What's the difference between the long handles and the handwheels, in terms of use? Is it just ease of adjustment?


----------



## knotscott (Nov 8, 2007)

You can fine tune a bit more precisely with the handwheels, but you really don't need that kind of fine adjustment on a jointer. It's sort of a non-issue performance wise, but we all have our preferences.


----------



## Shop Dad (May 3, 2011)

My Grizzly jointer has the same lever and it's not a problem. I too was thinking this probably went for around $375 new so not a huge discount but looks like a well maintained and solid machine. You might run a board through it to check.
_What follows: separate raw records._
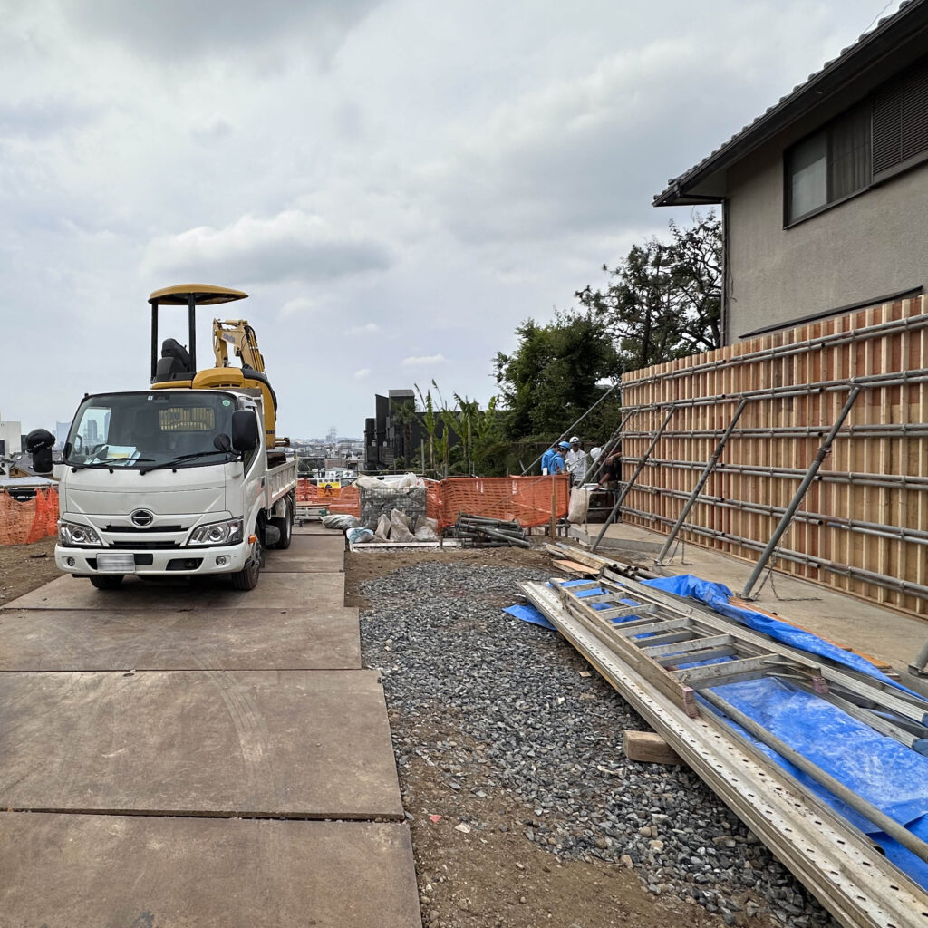 隣地境界部分にコンクリートの塀を2.1m立ち上げるので本体工事に先立ち打設していく予定です。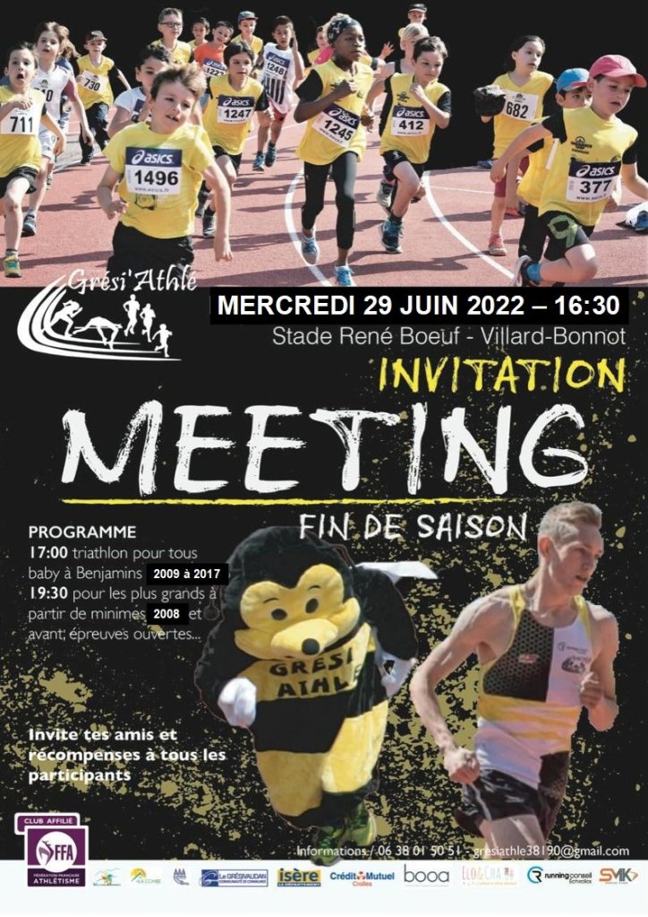 Notre meeting de fin de saison a regroupé hier pas moins d’une centaine d’athlètes tout au long de l’après-midi jusqu’en début de soirée….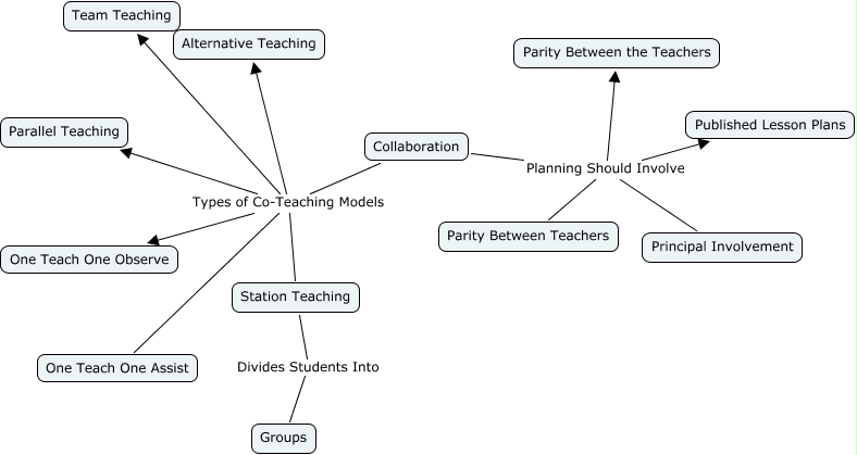 This Concept Map, created with IHMC CmapTools, has information related to: Collaboration, Collaboration Planning Should Involve Published Lesson Plans, Collaboration Types of Co-Teaching Models Alternative Teaching, Collaboration Planning Should Involve Parity Between Teachers, Collaboration Types of Co-Teaching Models One Teach One Assist, Collaboration Types of Co-Teaching Models Parallel Teaching, Collaboration Types of Co-Teaching Models Station Teaching, Collaboration Types of Co-Teaching Models One Teach One Observe, Station Teaching Divides Students Into Groups, Collaboration Planning Should Involve Principal Involvement, Collaboration Types of Co-Teaching Models Team Teaching, Collaboration Planning Should Involve Parity Between the Teachers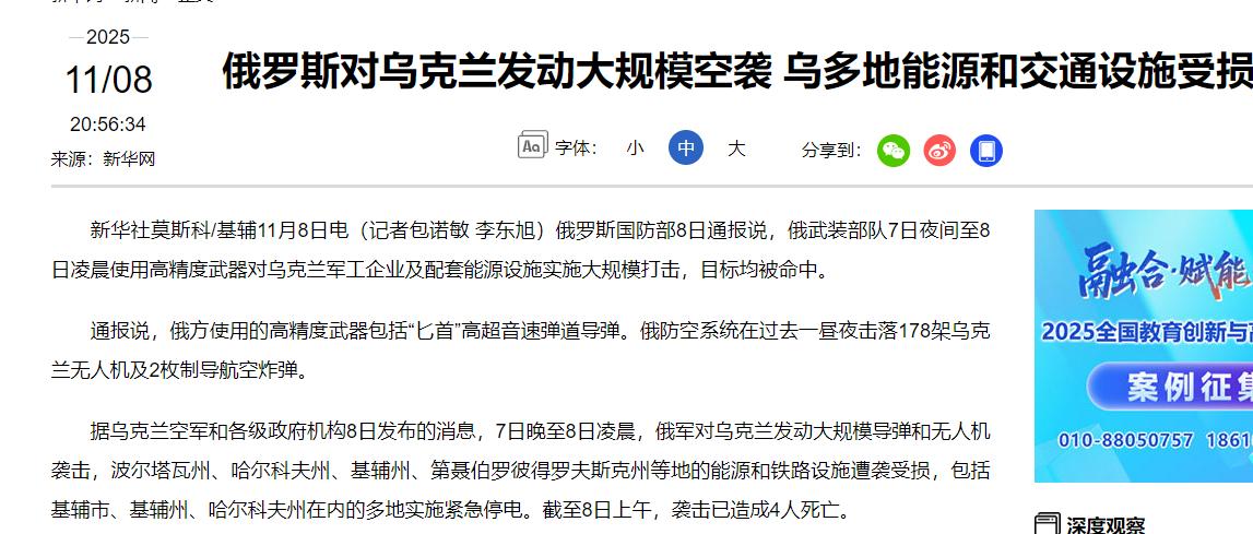 乌克兰全黑了!核打击前最后警告,俄军发射13枚“全球禁止”导弹! 从11月8号凌晨到9号,乌克兰过了开战以来最惨的两天,全国都停电的消息一下子传遍了全世界。基辅、哈尔科夫、敖德萨这些大城市,电表彻底不动了,连紧急电话都打不通,那叫一个绝望。 乌克兰能源部急急忙忙发了通知,说得特别直白,俄军的导弹照着全国七座关键变电站精准打过去,其中四座彻底毁了,想修好至少得一个星期。哈尔科夫有居民拍视频发网上,说家里冰箱里的冻肉都化水了,家里老人用的呼吸机全靠备用发电机撑着;敖德萨港的渔民更愁,没电力导航,渔船根本出不了港,炮击结束二十四小时后,当地还有一万四千五百人用不上电。 更让人揪心的是俄军这次用的硬家伙,十三枚导弹里,六枚是叫“榛树”的新型高超音速导弹。普京在电话里说得明明白白,这导弹一秒能飞三公里多,速度快到现在没任何防空系统能拦住。而且它既能装核弹头,也能装常规炸药,这次没装核弹,不代表下次也不装。 说它是“全球不让用的”真没夸张。冷战那会儿美国和苏联签过《中导条约》,明确说射程1000到5500公里的陆基导弹都得拆了,这“榛树”刚好卡在这个范围里。虽说后来美国退了约,但俄罗斯这次把这大家伙亮出来,说白了就是把战略武器用到了战场。普京这话够狠:“谁让乌克兰用美英导弹打俄罗斯本土,谁就可能挨我们的反击。” 这事儿早有苗头。就在俄军动手前两天,乌克兰用美国的陆军战术导弹和英国的“风暴之影”导弹,偷偷打了俄罗斯内地的目标,直接踩了俄方的红线。所以这次俄军不光炸能源站,还顺手端了第聂伯罗的军工场,就是要把乌克兰造武器、修装备的窝给端了。 乌克兰这边急得像热锅上的蚂蚁。泽连斯基连夜发声明,说俄罗斯“在把战争搞大”,外交部赶紧追着北约要帮忙,催着要能拦“榛树”的防空系统。可事儿没那么容易,懂军事的都知道,这导弹的弹头能在空中变方向,现在的“爱国者”防空系统根本拦不住。 最遭罪的还是普通老百姓。基辅的超市里,矿泉水、蜡烛全被抢光了,家长抱着孩子在避难所的角落里缩着取暖;顿涅茨克的护士说,没停电的时候手术都停了,一些得一直输液的病人只能硬扛。乌克兰电力公司的抢修队穿着防弹衣干活,刚接好一根线,就得赶紧躲进掩体,俄军的侦察无人机还在天上转圈呢,根本不敢大意。 俄罗斯的警告已经给得很足了。克里姆林宫直接说,用“榛树”打乌克兰,就是回应北约给乌克兰递武器。这导弹是RS-26“边界”导弹改的,一次能打好几个目标,装普通炸药能炸设施,换核弹头就是战略威慑。 现在俄罗斯把它亮出来,就是让美国和北约好好掂量,再给乌克兰送远程导弹,下次被瞄准的可能就是欧洲的军事基地。 到11月9号傍晚,乌克兰也就少数医院和政府部门靠备用设备恢复了供电,大部分地方的人还在黑灯瞎火里等着。这场导弹雨不光炸断了电线,更把和平谈判那点念想给炸没了,当这种能装核弹的硬家伙被用到战场上,俄乌这事儿,是越来越危险了。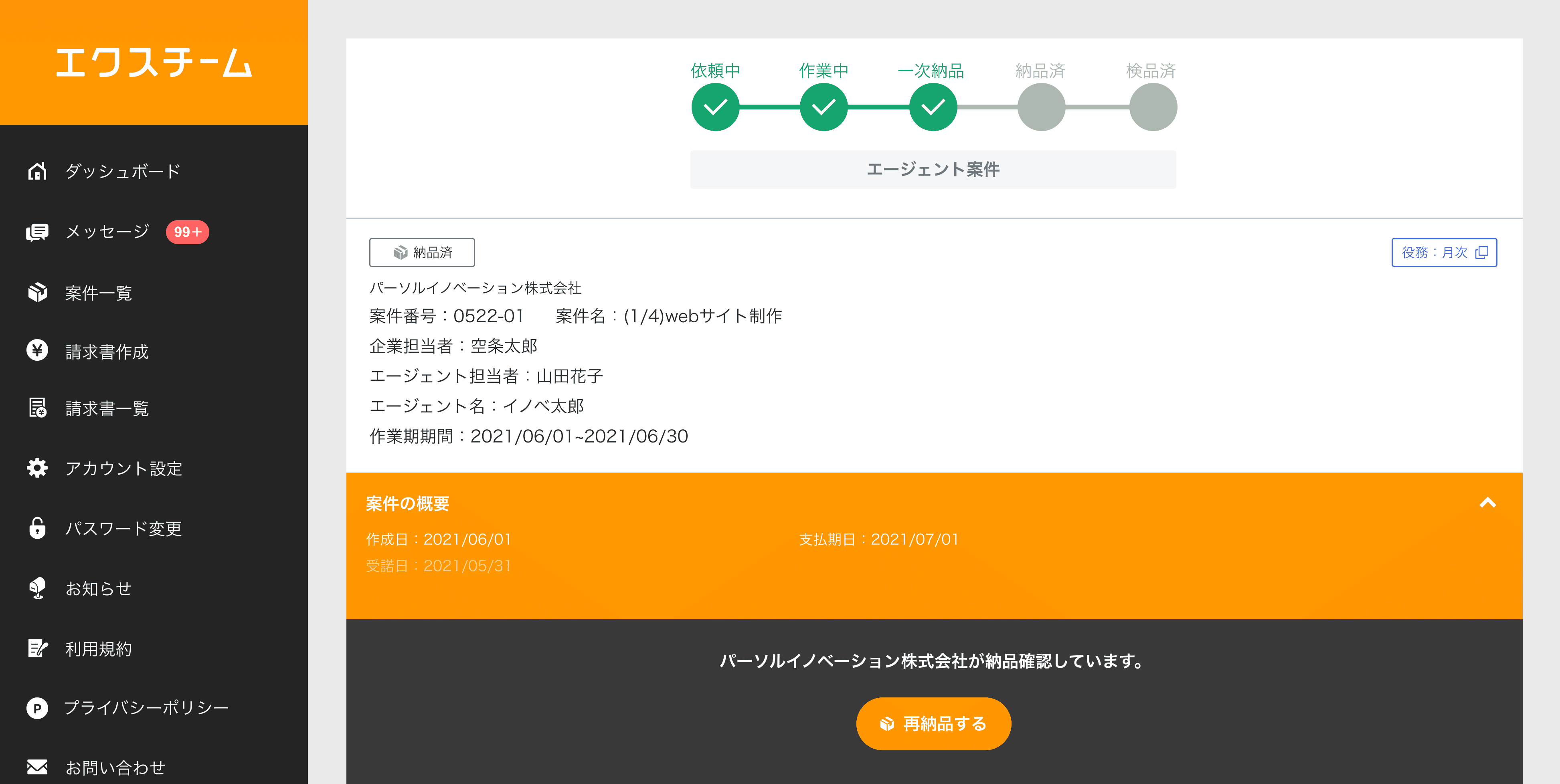 対応する場合は、案件詳細に「再納品するボタン」、請求書詳細に「再請求するボタン」が表示されます。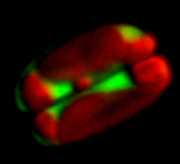 Laser-Scanning-Fluoreszenz-Aufnahme der marinen Diatomee Amphora coffeaeformis. Rot: autofluoreszierende Chloroplasten, grün: Lipidmembranen (gefärbt mit MDY-64). Martin Beutler, bionsys GmbH, Bremen, Deutschland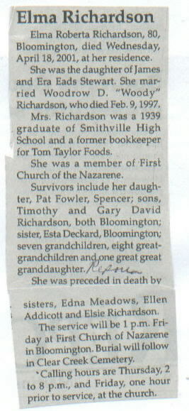 | Survived By | Daughter, Pat Fowler; sons, Timothy and Gary David Richardson; sister, Esta Deckard; 7 grandchildren; 8 great-grandchildren; 1 great-great-granddaughter. |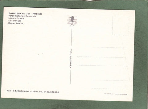 AK Tarvisio – Fusine. Parco Naturale Regionale. Ungelaufen. Großformat. Verlag: Cartolnova. Nummeriert: 502. Zustand: gut, geringe Läsuren.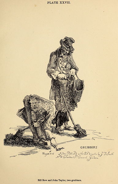 Bill Row and John Taylor, two grubbers, are introduced in the next plate. These men, with Stephen Lloyd, form the sum total of their description in London. They procure a livelihood by whatever they find in grubbing out the dirt from between the stones with a crooked bit of iron, in search of nails that fall from horse-shoes, which are allowed to be the best iron that can be made use of for gun-barrels; and though the streets are constantly looked over at the dawn of day by a set of men in search of sticks, handkerchiefs, shawls, &c., that may have been dropped during the night, yet these grubbers now and then find rings that have been drawn off with the gloves, or small money that has been washed by the showers between the stones. These men are frequently employed to clear gully-holes and common sewers, the stench of which is so great that their breath becomes pestilential; and its noxious quality on one occasion had so powerful an effect on a man of the name of Dixie, as to deprive him of two of his senses, smelling and tasting, and yet Ned Flowers followed this calling for forty years.
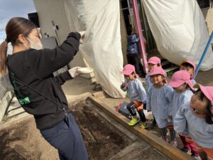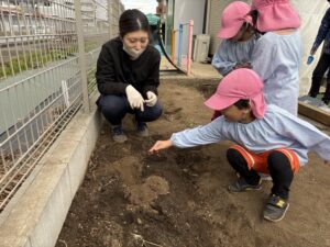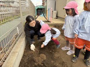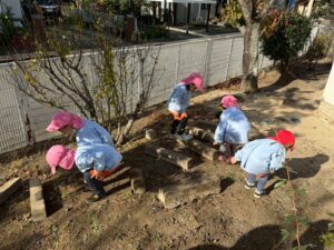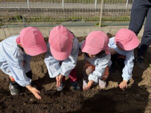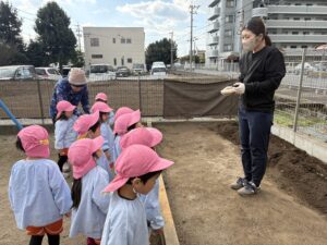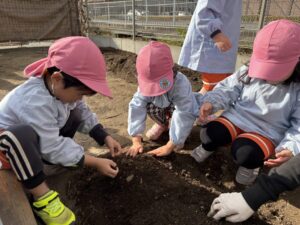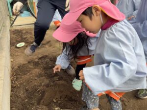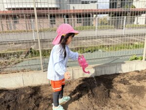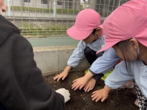 園庭の畑に、スナップえんどうとラディッシュの種を蒔きました。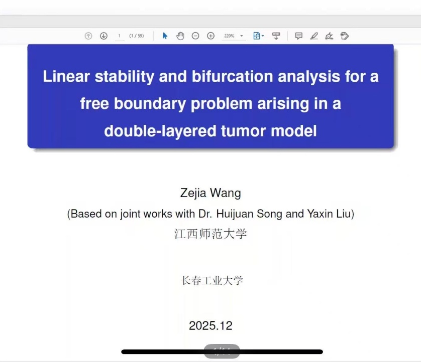 (通讯员:边睿骞)2025年12月24日晚上19:30,我院特邀江西师范大学3044am永利集团官网王泽佳教授做线上学术报告。本次报告由3044am永利集团官网承办,会议由公司应用数学系主任杜润梅主持,公司部分老师和研究生参加了本次学术报告会。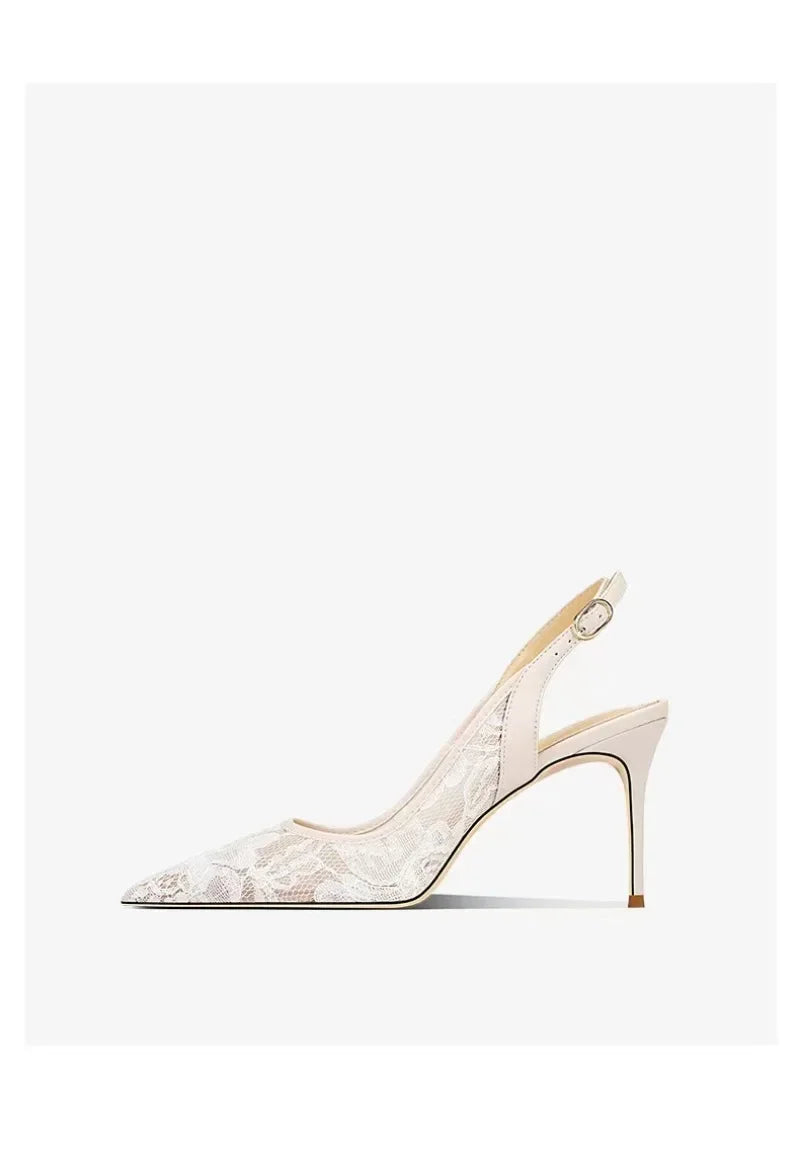 Sling Back Lace High Heels Pointed Toe Buckle Strap Sling back Sandal

Hopefully the knives are in good shape and don't need replacing. See if he'll come down but since they seem to be scarce in your area either take it or expand your range.


----------



## beelzerob (May 2, 2010)

Well, for craigslist stuff, I usually compare it to "What would it cost for something *equivalent* today?". And I can't find something similar for under $400.

He's actually asking $275, and I asked him in an email if he'd take less, and he said yes. So I'm thinking I could ask maybe $225? He said the mobile base does *not* come with it, he has replaced the original knives and they're still good, and it has the original manual and knife setter.


----------



## yocalif (Nov 11, 2010)

beelzerob, The $225-275 range is good, the base is worth $70, you want the base for the $275 or less. You can take a risk and let him stew a day or two, but you might regret waiting.

Start the conversation with, you really want a grizzly jointer, and that if you buy one used vs new the deal has to be exceptional to fore go a full warranty and just plain having a "new" piece of equipment.

Let him know the new G0654 6" x 46" Jointer is $425, so you are wrestling with do I pay for new, or pay $30 in gas plus $300 or $330 for a $100 dollar savings, and no warranty. Make me an offer I can't refuse. Your best deal would be $225 for both, your goal is $250 buy you would be willing to pay $275, you will have to decide if you are willing to pay $300.

Ask him what is the lowest he would go for the jointer and the base.

One other thing, is let say he says $300, and you feel this guy won't budge. Ask him if he has anything else he can throw into the deal so you feel you got a deal?

BTW I paid $225 for the G1182HW his starting price was $270, however I told him I would bring more cash if he had something else I could buy. I bought 8 clamps for $50 which I saved about 50-65% on they were used but in excellent shape (not the best deal on the clamps but combined it was a great deal).


----------



## beelzerob (May 2, 2010)

$235, and I am pleased. It is in very good shape.


----------



## knotscott (Nov 8, 2007)

Nice deal on a very good jointer. Congrats! :thumbsup:


----------



## yocalif (Nov 11, 2010)

beelzerob said:


> $235, and I am pleased. It is in very good shape.


*WAY TO GO!* you got him to listen, that is hard to do, sometimes they never will budge, and the time will be reposted for 3 months on CL and in the end they sell it to someone who offers the same price you did, the seller get tired of answering all those questions and not making a deal at his inflate price.


----------



## beelzerob (May 2, 2010)

I spent probably an hour jointing last night...maybe more. Oh man, I simply love the SOUND of this thing. It's solid, and quiet, and powerful. 

I also discovered I could get the spiral cutter head from Grizzly for this thing if I wanted. It was about $260 or so. I may some day, but for now I'll suffer with setting these knives.


----------